SUPPLIED MATERIAL:
>>>

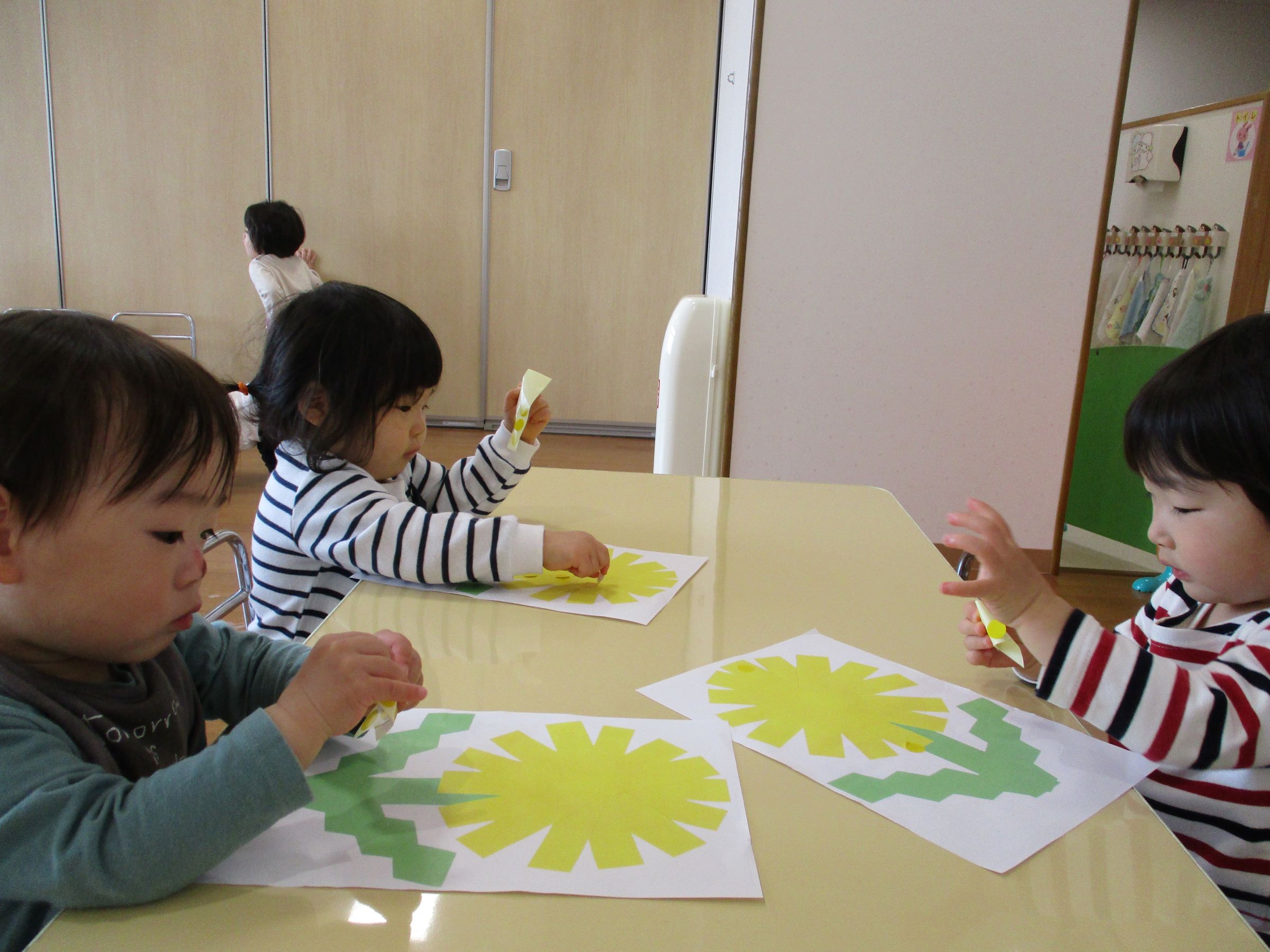 みんなの大好きなタンポポの絵にシールを貼って遊んでみましたよ!
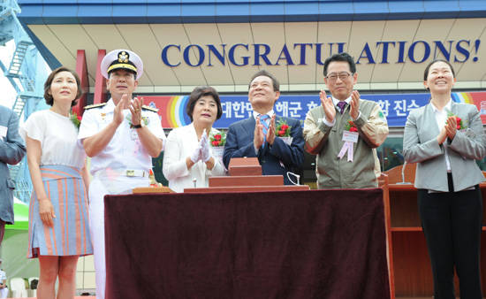 [프라임경제] 윤장현 광주광역시장이 11일 경남 창원 STX조선소에서 열린 해군 차기호위함 '광주함' 진수식에 참석했다.
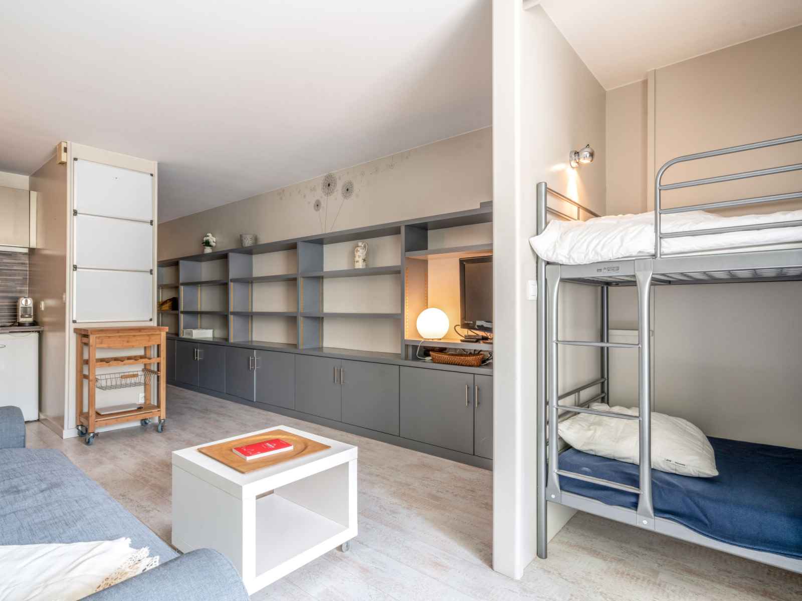 Studio 32 m2 au 4ème étage. logement idéal pour 2 adultes + 2 enfants. aménagement moderne: séjour/salle à manger avec 1 divan-lit double (140 cm, longueur 190 cm), tv (écran plat). sortie sur la loggia. alcôve, 2 lits superposés (90 cm, longueur 190 cm). cuisine ouverte (2 plaques vitrocéramiques, micro-ondes, cafetière électrique,

<<<

PROBLEM TO WORK ON:
The result should be the full material above, word for word, with its pictures omitted.

SOLUTION TO THIS EXERCISE:
 みんなの大好きなタンポポの絵にシールを貼って遊んでみましたよ!
 [프라임경제] 윤장현 광주광역시장이 11일 경남 창원 STX조선소에서 열린 해군 차기호위함 '광주함' 진수식에 참석했다.
 Studio 32 m2 au 4ème étage. logement idéal pour 2 adultes + 2 enfants. aménagement moderne: séjour/salle à manger avec 1 divan-lit double (140 cm, longueur 190 cm), tv (écran plat). sortie sur la loggia. alcôve, 2 lits superposés (90 cm, longueur 190 cm). cuisine ouverte (2 plaques vitrocéramiques, micro-ondes, cafetière électrique,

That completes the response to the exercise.